Late Saturday, finally at home, this protester was frustrated.

She was trying to steel herself for any future rallies: "We were scared, but we went. We don't know what will happen next, but if they organize it we have to go again, there's no other way," she said.

Protesters now have second thoughts

On Sunday, however, she was not so sure about returning to the streets again, after the brutalities of Saturday.

Experts say the heavy hand in Iran these days is a direct lesson from the final months of Shah Mohamad Reza Pahlavi before he was overthrown. The monarch's security forces had fired directly on demonstrators – sparking a cycle of bloodshed – but ultimately the Shah did not give the order to vanquish huge protests at any cost.

"The thinking has been in the last three decades, among the hardliners, that the Shah was too weak, so I am afraid ... an iron hand will be the way to go," says Mr. Sadri. "The problem ... is it assumes that the soldiers, in the final analysis, are going to shoot. We don't know."

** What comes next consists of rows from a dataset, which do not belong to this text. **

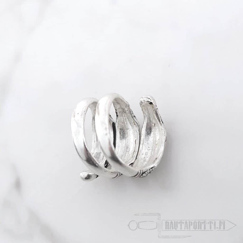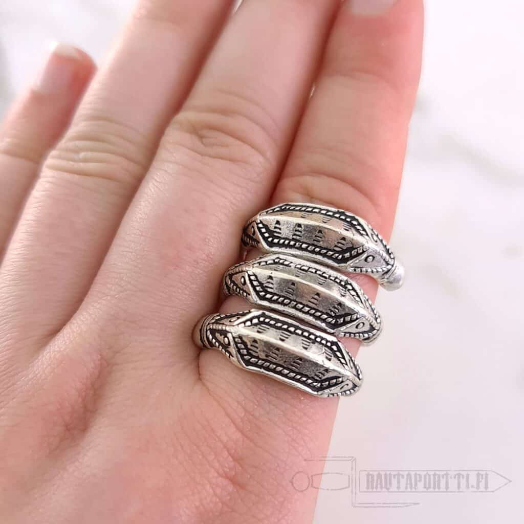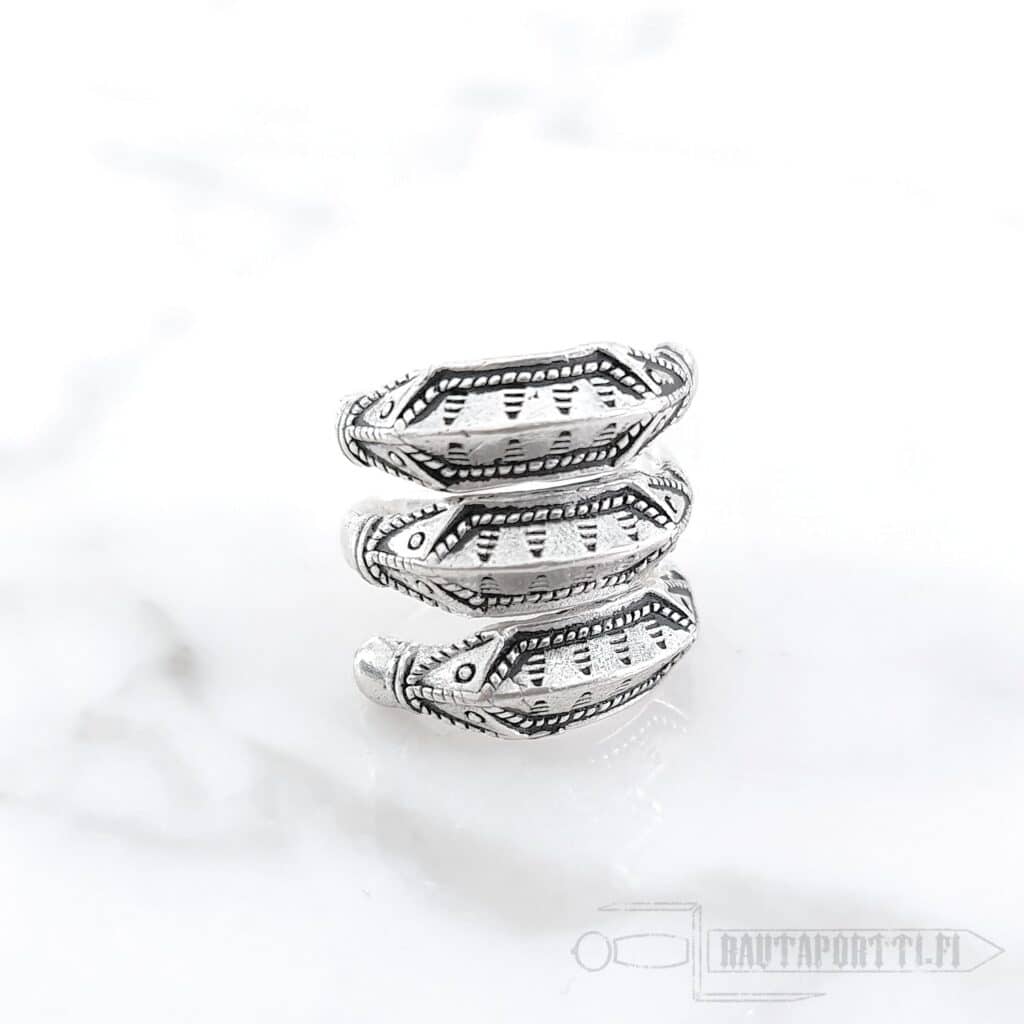 Iron Age ring with Germanic snake decorations Modeled after a ring found from Himlingøje, Denmark Plated with real silver Available in sizes; S, M and L Open ring allows small sizing adjustments The widest measure of the face of the ring is 2.5 cm Perfect accessory for historical reenactment, LARP or everyday life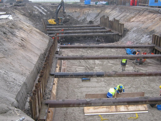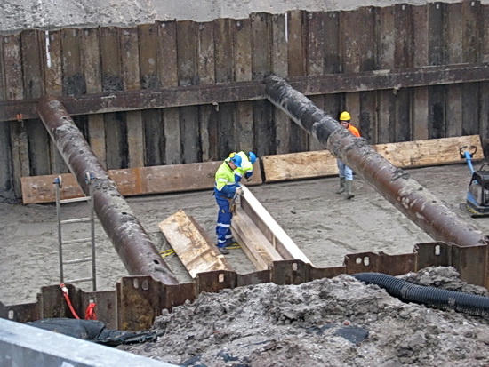 Bedrijvigheid alom in de tunnelkuip aan de oostkant. Het statief met de meter op de voorgrond, twee timmerlui, een graver, een vervoerder, de oranjejackdragers (de meters?)….Het houtwerk voor de bekisting?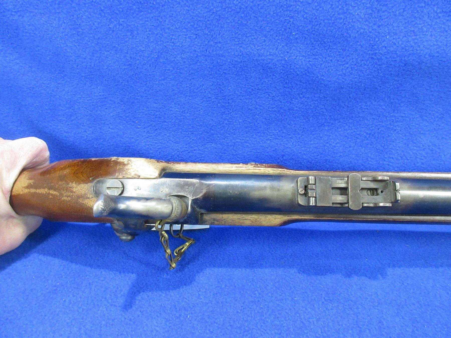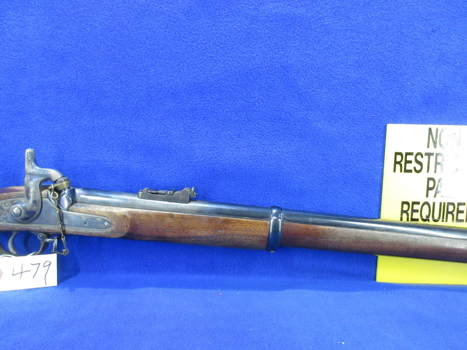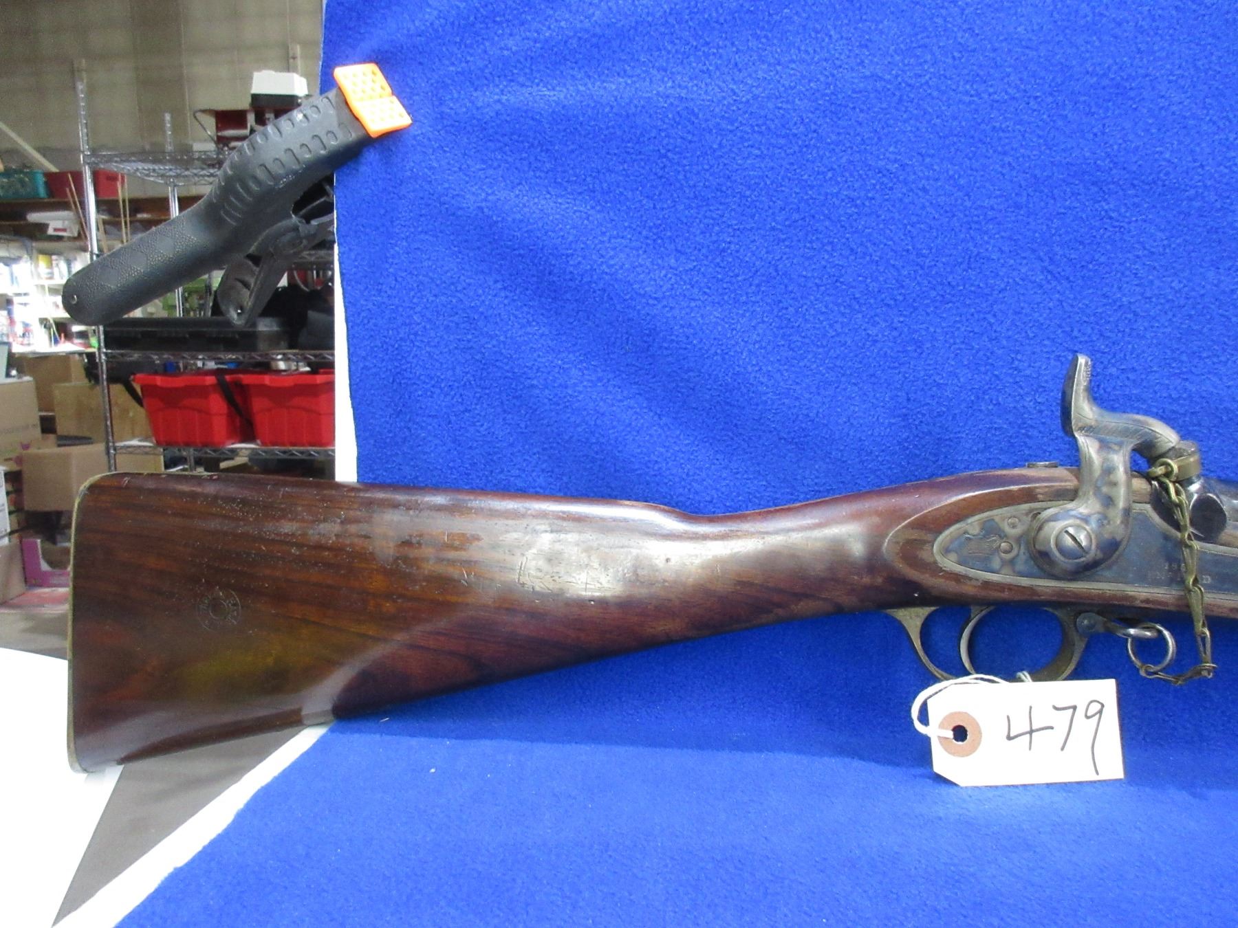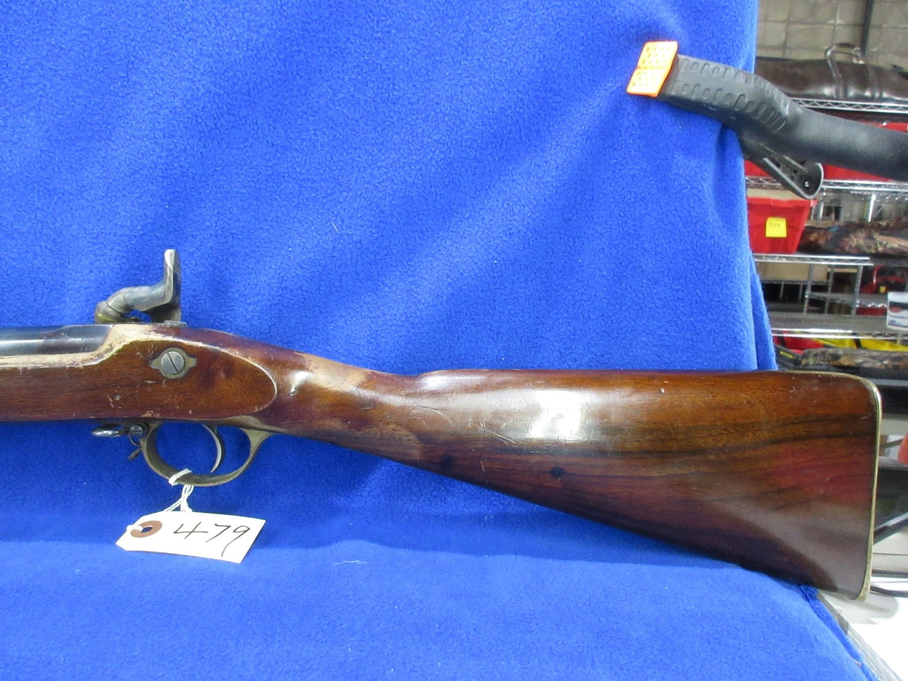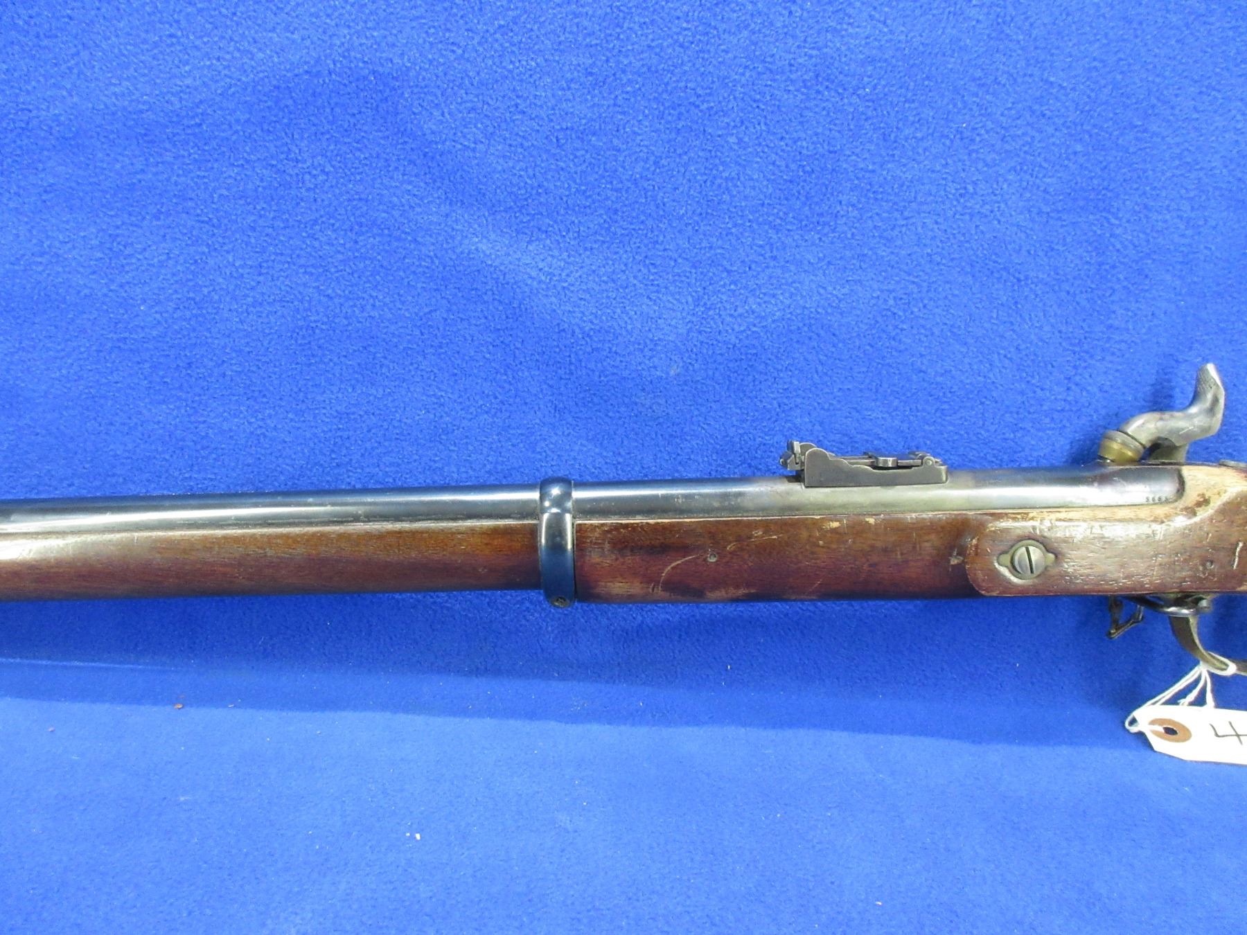 Non-Restricted - Parker Hale Reproduction 1858 Enfield in 577 3 Band Rifle - This muzzleloading percussion cap rifle appears to be in good to very good working order. Barrel is 38.5", rifling is good to very good, bluing is fair to good, has both sights, stock and forearm are good but have heavy wear marks, brass butt plate good. Ser # 5663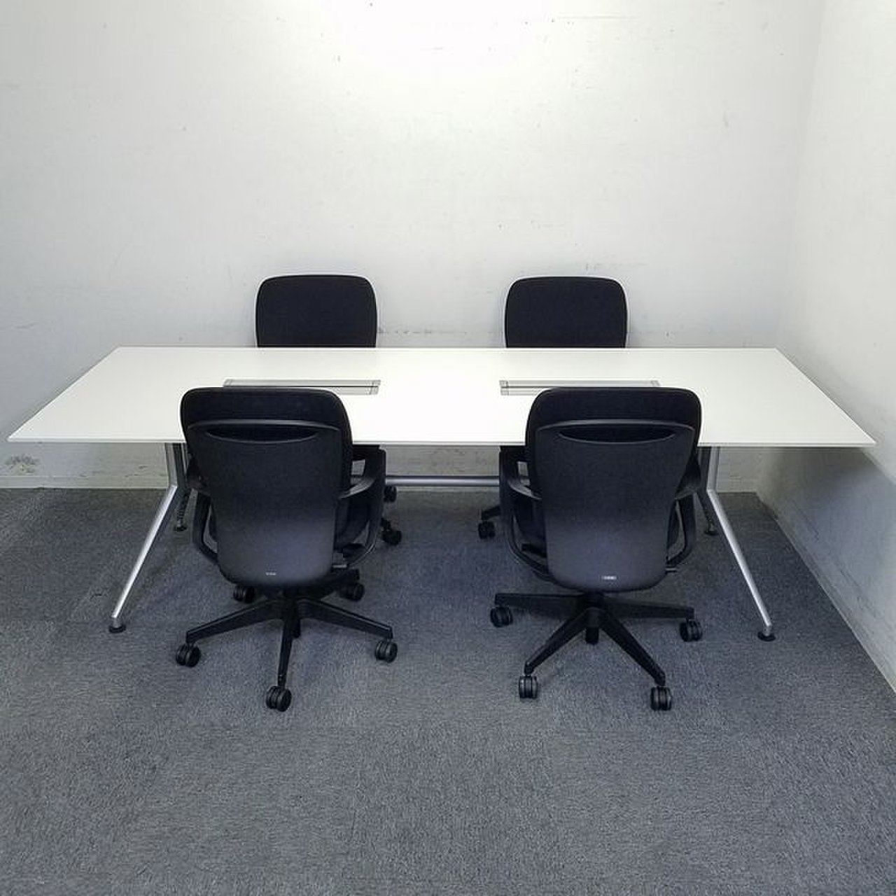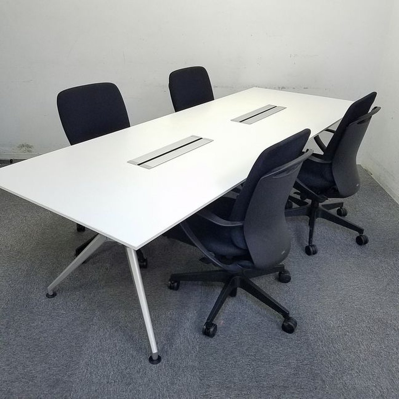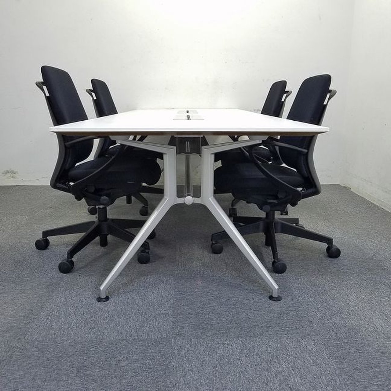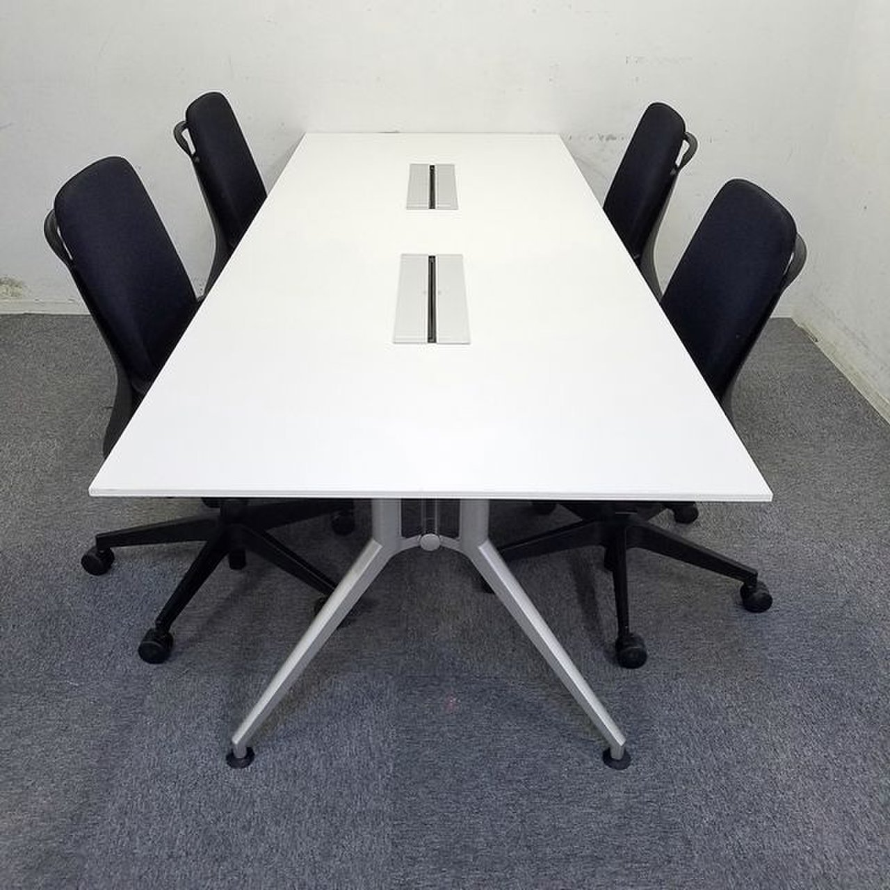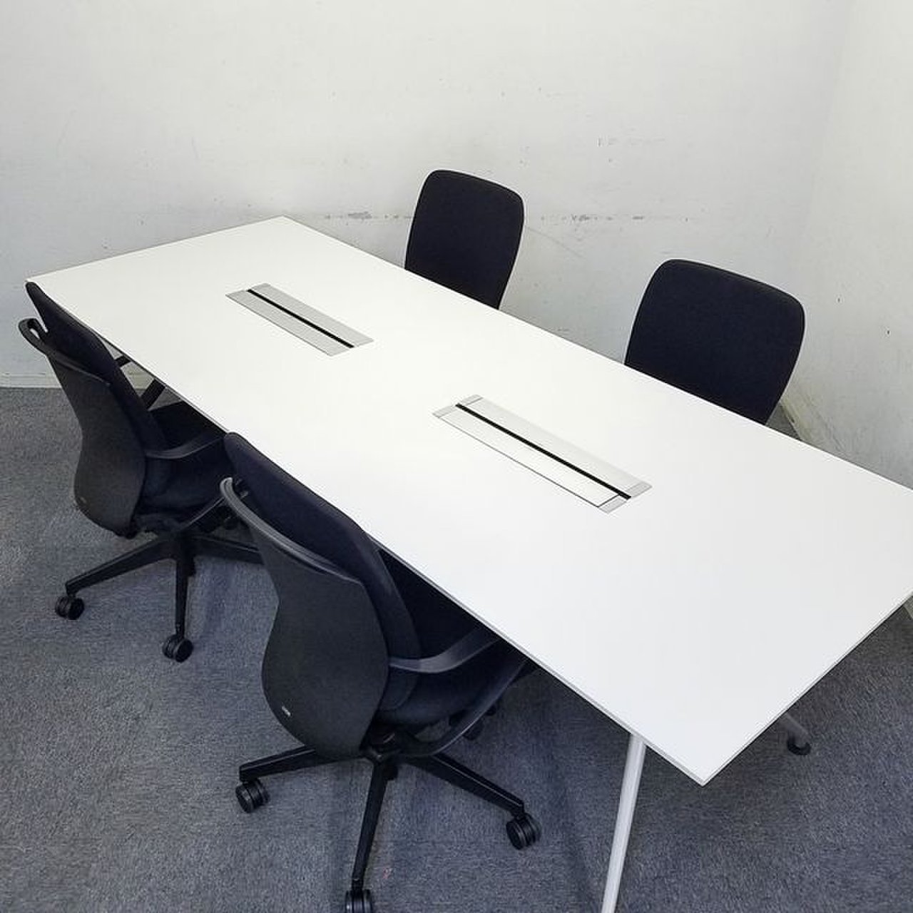 【セット商品】W2400|ホワイト天板のスタイリッシュな会議テーブルとブラックチェアのセット商品!【中古家具】- 大阪・堺店
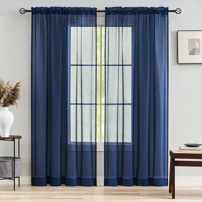 MYSTIC-HOME Sheer Curtains Navy Blue 95 Inches Long, Window Treatments Rod Pocket Drapes for Living Room, Bedroom, Semi Crinkle Voile Curtain Panels for Yard, Patio, Villa, Parlor, Set of 2, 52"x95". — Price History & Tracker | DeserTracker

Reformist politicians warn of consequences

Former President Mohamad Khatami warned the government of "dangerous consequences" if protesting the vote is not allowed to continue, and called for the release of all those arrested. Parliament speaker Ali Larijani also noted that the "majority" of people on the streets do not believe in the election result.

"This is a theocracy, with a kind of democracy software inside. Its legitimacy is based on democracy," says Sadri. "But now as people start to get disenchanted, there is a rift between the democratic, 'republic' part and the 'Islamic' parts of the Islamic Republic."

"It is entirely possible that the Islamic system will win, but it will enter a new phase," Sadri continues. "If they can suppress this uprising – and they might – then the regime will have become a tyranny ... and once the election is gone, the legitimacy will be gone, because who are they going to convince that this is a regime sanctioned by God?"